CVS annotation software. In the annotator interface (right side of the image), (a) allows to navigate the dataset specifying video and frames ids, (b) open related videos at the right video frame, (c) sets frame visualization preferences, (d) allows to annotate CVS criteria (1= 2-structure criterion, 2= hepatocystic triangle criterion, 3= cystic plate criterion), (e) allows to annotate auxiliary information (“roi” stands for region of interest, the hepatocystic triangle), (f) allows free text comments to discuss in annotation meetings, and, on the reviewer interface (left side of the image), (g) allows to compare blinded annotations and flag inconsistencies.

Finally, LabelMe24, a freely available, open-source software was used for polygon-based semantic segmentation of frames. The source code of LabelMe was similarly modified to allow opening videos at the exact time point showing the image to annotate.

Annotation Process and Auditing

Before starting, annotators participated in an annotation school in which they were trained on the importance, methods, and tools for consistent CVS assessment and surgical scene segmentation. In addition, an annotation protocol with checklists and flashcards was shared with annotators for reference throughout the annotation process18 (Fig. 3).

Annotations were completed between October 2020 and April 2021. Regular meetings (at 25%, 50%, 75%, and 100% of completed annotations) were held with all the involved annotators to review major inconsistencies identified across randomly extracted frames; frames identified as having high inter-rater variability in these meetings were then revised using the aforementioned annotation tool. Finally, all segmentation masks were reviewed by a surgeon and a computer scientist and revised iteratively until convergence.

Limitations of the Dataset

Endoscapes2023 is intrinsically limited by the fact that it only includes data from a single institution. While the dataset is significantly larger than previously available public datasets, and the unbiased video selection process might allow training more robust models, the dataset does not enable model generalizability studies. Still, we believe that by sharing Endoscapes2023 and detailing its development, we can greatly accelerate next efforts such as the SAGES CVS Challenge25 that aim to collect large-scale multicentric datasets.

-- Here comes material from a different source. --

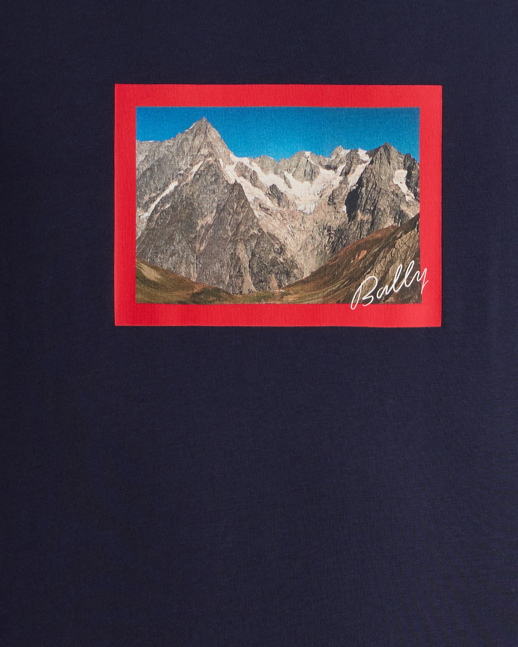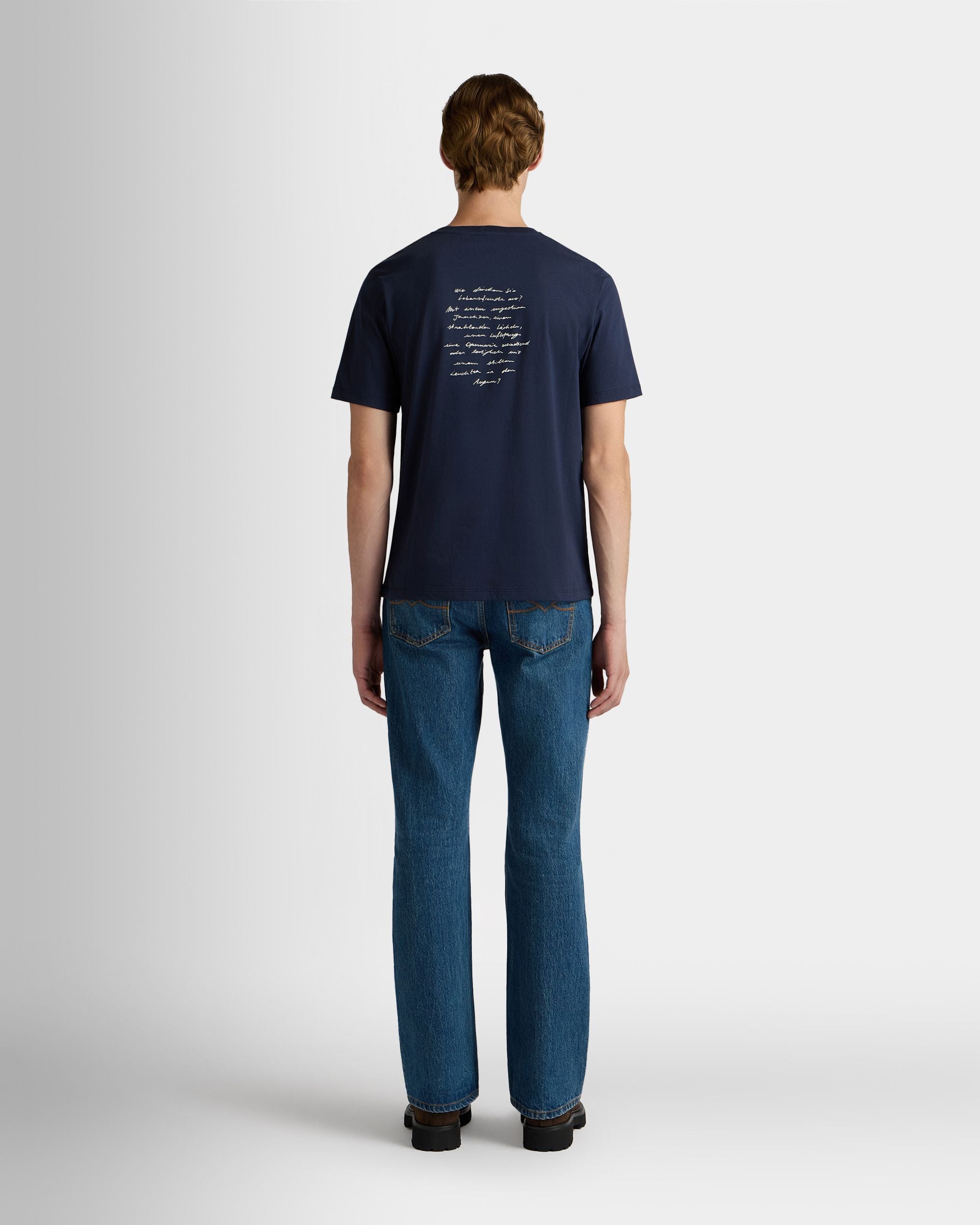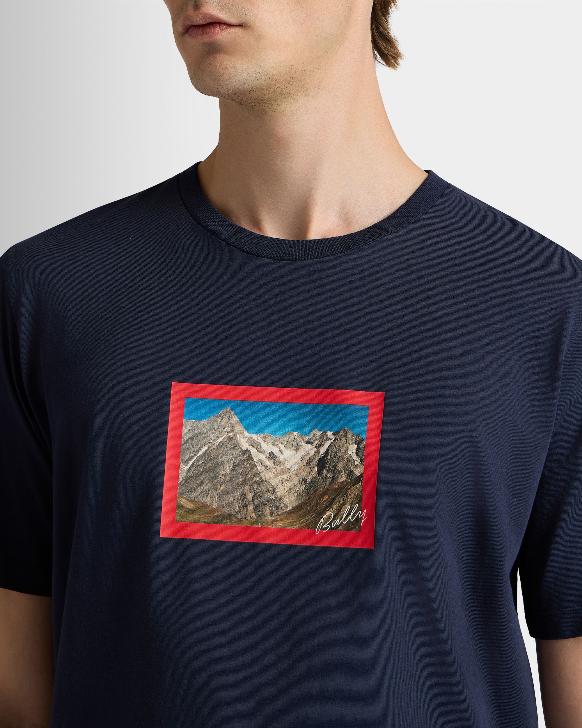 T-Shirt in Navy Blue Cotton With a Vintage Postcard Print

Other potential limitations are the inter-rater variability in annotations (see Cohen’s kappa above) and the unbalanced nature of the dataset (see dataset statistics above). Given that comprehensive annotation guidelines were provided, all annotators were trained, and regular auditing was performed, we believe that this variability is largely due to limited information content in some images rather than errors or noise, thereby representing a useful signal in and of itself. Finally, the CVS, when feasible and performed correctly, is the result of a surgical dissection that allows moving on to the next surgical step. Consequently, most frames will show no or partial CVS, with only the last few frames showing achievement of most criteria. Altogether, CVS assessment, especially at the frame-level, is an intrinsically unbalanced problem and developed methods should account for this imbalance.

Usage Notes

The plethora of unlabeled images extracted from the most critical part of LC procedures, the many images with CVS criteria assessments, the low-frequency frames with bounding box annotations, and the relatively small subset with expensive segmentation masks not only effectively simulate realistic annotation budgets but also enable a huge diversity of experiments concerning mixed-supervision, semi-supervision, and temporal modeling. Dataset splits used in prior work and extensive baselines to benchmark a variety of models can be found in a related technical report22.